At this dangerous juncture the village clerk began to whine:
"But we've always lived here in peace. This has been our country for
thousands of years."

 

 

Ter Haigasun stared absently at the müdir. He seemed to be trying hard
to remember. "You're right, Müdir! The new government did distribute
arms at about that time, in various places all over the empire --
even to Armenians. If you're old enough, you'll also recollect that
all communes receiving them had to give a written acknowledgment when
they arrived.

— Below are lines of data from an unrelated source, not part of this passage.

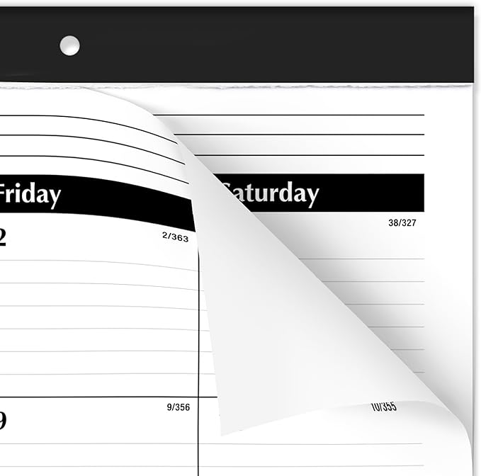 - PROFESSIONAL DESIGN – Calendar has black headband and two eyelets for optional wall hanging. Two black poly corner keep pages flat for hanging or desktop use. Pages are perforated for easy tear out.
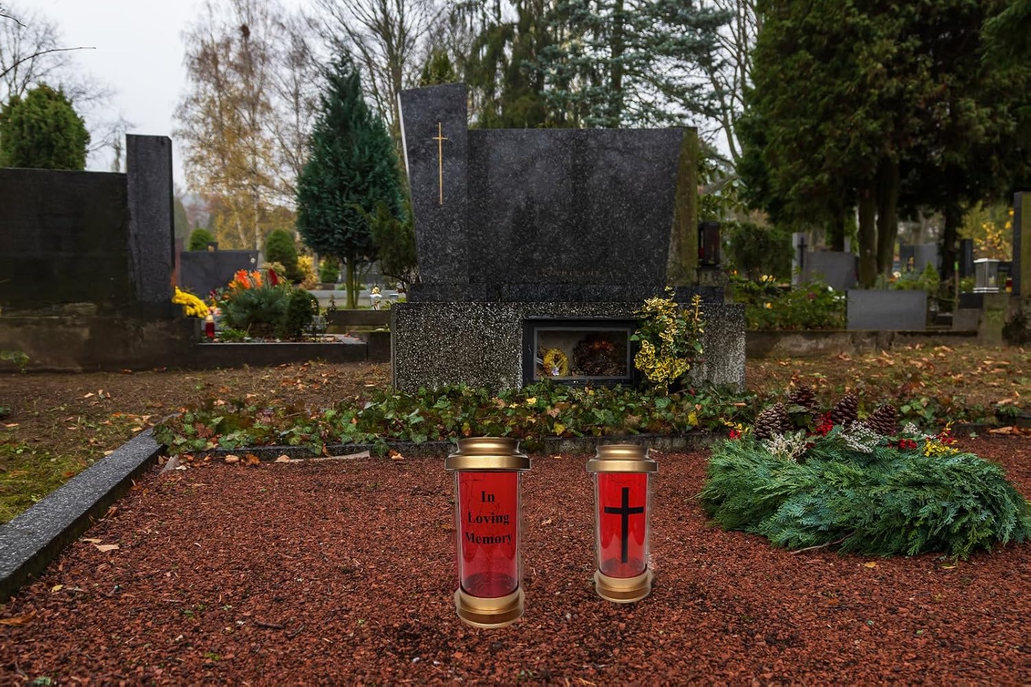 Gold candle holders with metal frame + red acrylic tube, anti-corrosion and weather-resistant, suitable for long-term solar outdoor lights decorative use. Extra-long ground decorative garden stakes ensures stable installation even on uneven gravesites. Solar powered fire flame design garden light avoids frequent battery replacement, keeping the memorial lanterns for loss of loved one on day and night.
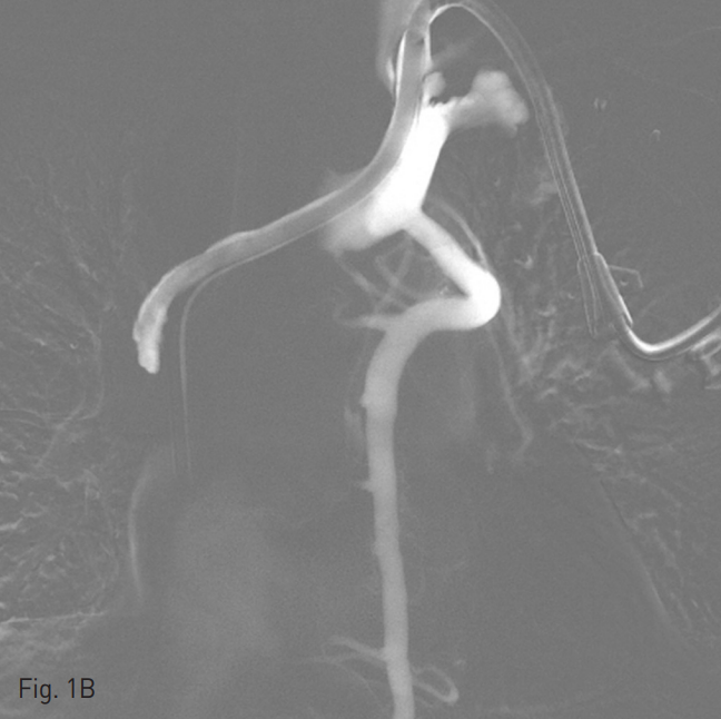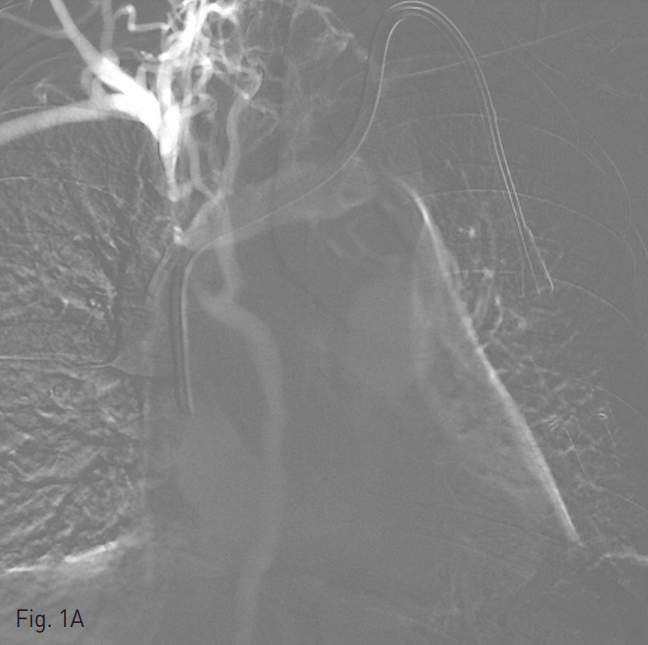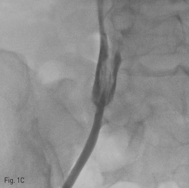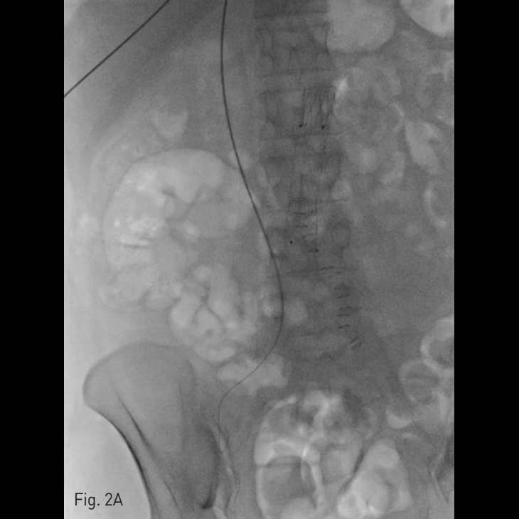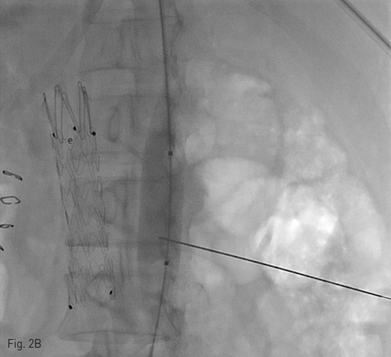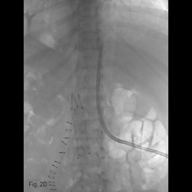 양측 내경정맥을 통한 정맥 조영술에서 상대정맥이 완전히 폐색되어 있으며 (Fig. 1A-B) 이를 대체하기 위해 우측 대퇴정맥에 투석용 카테터를 삽입하였지만 이 또한 10일 후 카테터 주변으로 혈전이 발생하였다(Fig 1C). 이어서 허리 경유 접근을 통해 투석용 카테터 삽입을 위해 하대정맥 천자를 시도하였으며 6 Fr sheath까지 들어간 후에 천자된 곳이 대동맥임을 알게 되어 대동맥에 stent-graft를 넣었다 (Fig. 2A). 투석이 급하여 일단 간정맥을 통하여 투석용 카테터를 삽입하였으나 (Fig. 1D) 이 역시 혈전으로 인한 기능 부전으로 수 차례 교환술을 시행하였다.

The Kaimakam, who was a müdir like yourself in those days,
organized the distribution. He'll be sure to have kept all the receipts
-- one doesn't throw away an important document of that kind. Well,
I don't suppose if there'd been any weapons in the villages, he'd have
sent you to us without the receipt for them."

 

 

This was undeniable. And it was true that in the last few days the
Record Office of Antakiya had been turned upside down to find such
receipts. Most of the nahiyehs had delivered them -- only the Nahiyeh
of Suedia and the surrounding district seemed really to have been sent
no weapons in 1908. The Kaimakam certainly declared that he seemed to
remember the contrary but could give no proof of it. So that Ter Haigasun
had quietly found the right way out.

 

 

The conviction he displayed envenomed the pleasantly diplomatic smiles
of the müdir, whose voice became edged. "What's a written receipt? A mere
scribble. What does that prove, after all these years?"

 

 

Ter Haigasun waved an indifferent hand. "If you don't believe us,
look and see for yourselves."

 

 

The police chief, eager to put an end to this long, superfluous discussion,
brought down his whip with a swish on the priest's shoulders. "Yes,
we'll look all right, you son of a bitch. But you two are under arrest,
you and the Mukhtar. I can do what I like with you. Your lives are at
my sole discretion. If we find any weapons, you'll be nailed up on the
door of your church. If we don't, I'll have you roasted over a fire."